Technically I am no longer part of the clergy team of the Lehigh Valley, having decamped from the region for the sunny world of Southern California, SoCo, as they call
One of the things I take for granted as I move to my next pulpit is that my job as rabbi will have an obvious continuity. I know well that synagogues and Jewish regions create their own cultures, and these produce significant differences. But beneath those differences lies the Jewish tradition of which we all are a part. Shabbat remains Shabbat, Yom Kippur the same, and so forth. As Jews, we belong to the same vast history of a people, a vast gathering of ideas and rituals — in other words, in the Lithuanian-born
American Rabbi Mordecai Kaplan’s felicitous term, a “civilization” through which we share so much.

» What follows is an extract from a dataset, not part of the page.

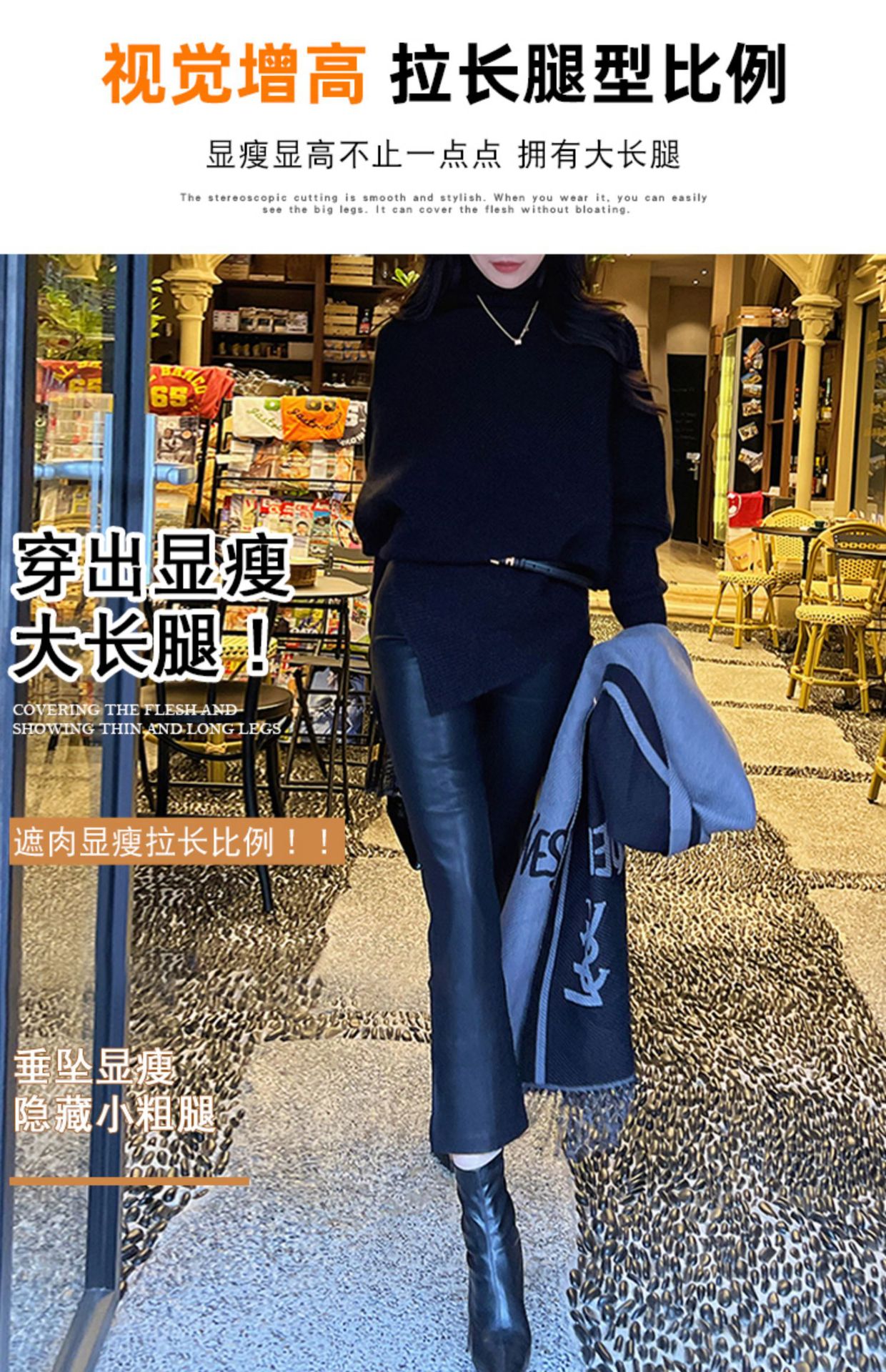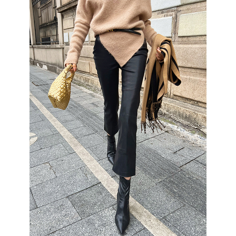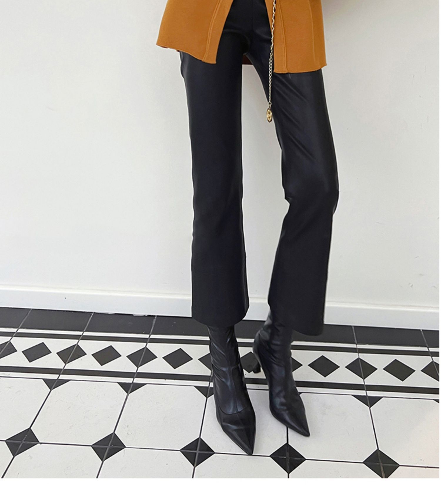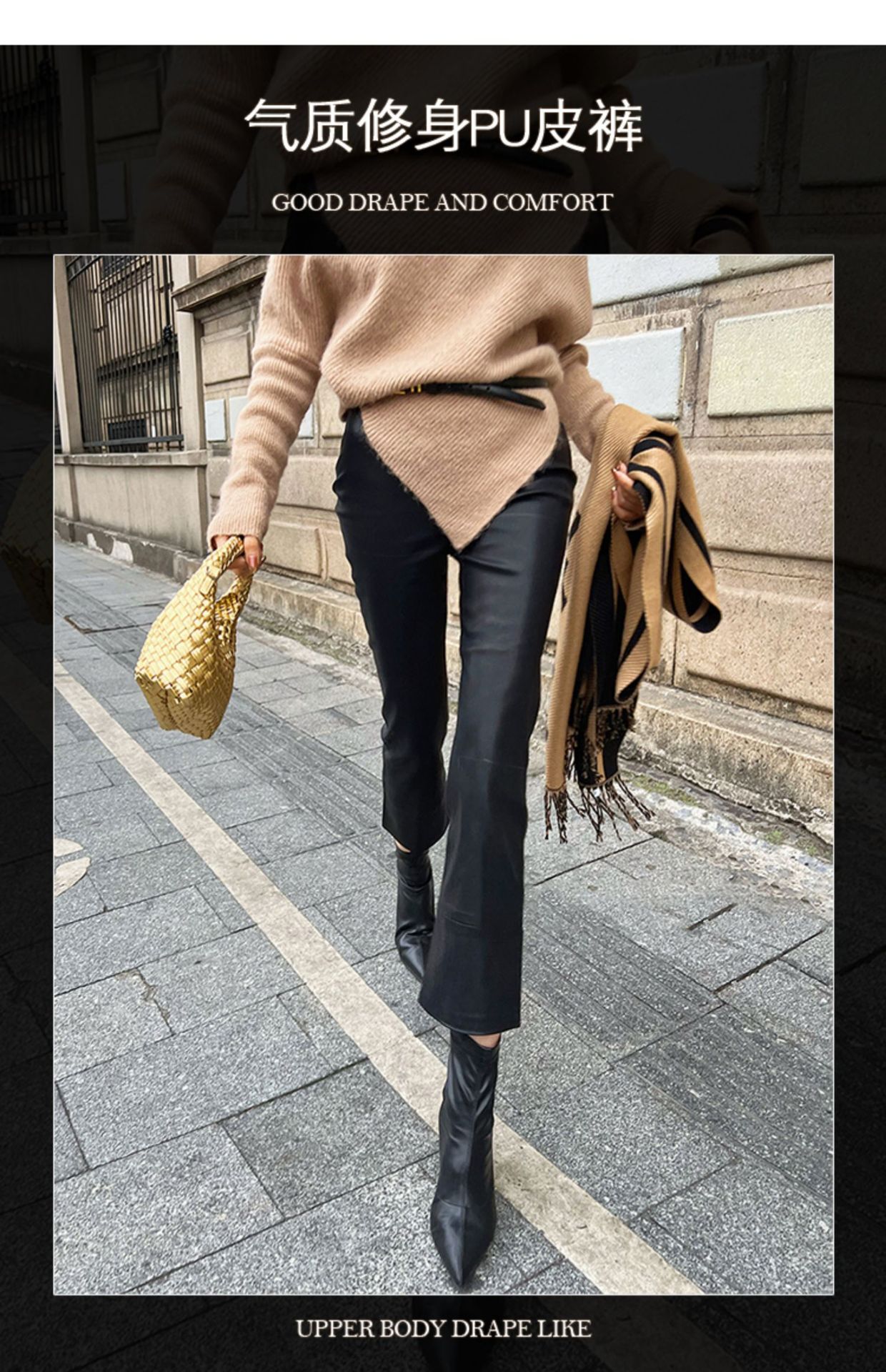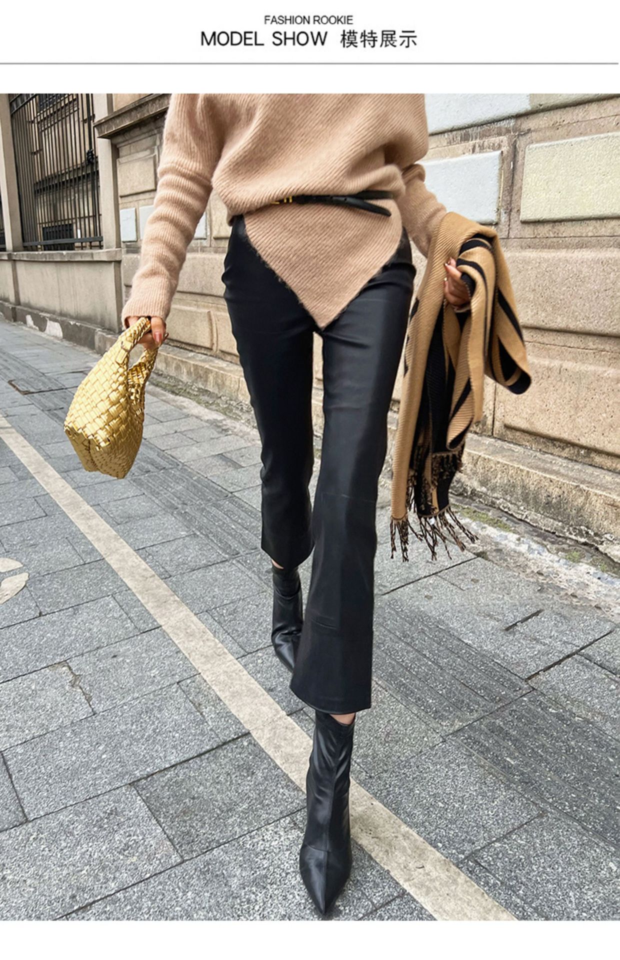Черные укороченные кожаные брюки для женщин, леггинсы, осенне-зимний стиль, европейские товары, популярные кожаные брюки 2025 года, высококачественные повседневные расклешенные брюки

Allow me to focus on one of these features: What is the meaning of our life as Jews? Well, one powerful element of that is our notion that history, and not just our history, is packed with meaning and bears within it an optimistic feel that belies our actual history. This optimism, usually couched in the term “messianism,” teaches us that history has purpose, that our lives have purpose, that living on this planet allows us to participate in the great adventure of perfecting it.
The messianic idea of the Jewish tradition forms the engine that empowers us to build, to create, to form families and communities. This idea also undergirds a critical element of the Jewish psyche: hope. No matter how bad things seem to be, the idea of the messiah teaches that we can, we ought to, persist, move on, and that through our existence, we can help bring about a tomorrow that’s better than today.
And so it will be for me out here in Southern California. Part of my job as a rabbi will always be to encourage people to look toward our future with optimism.
I much enjoyed my time in the Lehigh Valley. Helping to usher Congregation Keneseth Israel, my spiritual home for the year, into its new era was a pleasurable sacred task. In the deepest sense of the word, I learned a lot from the many meetings I had with you folks and wish you well as we move ahead to 5784. A bit early, I know, but still, shanah tovah u’m’tukah, a happy, healthy, sweet new year, a year that brings us one step closer to our history’s messianic conclusion.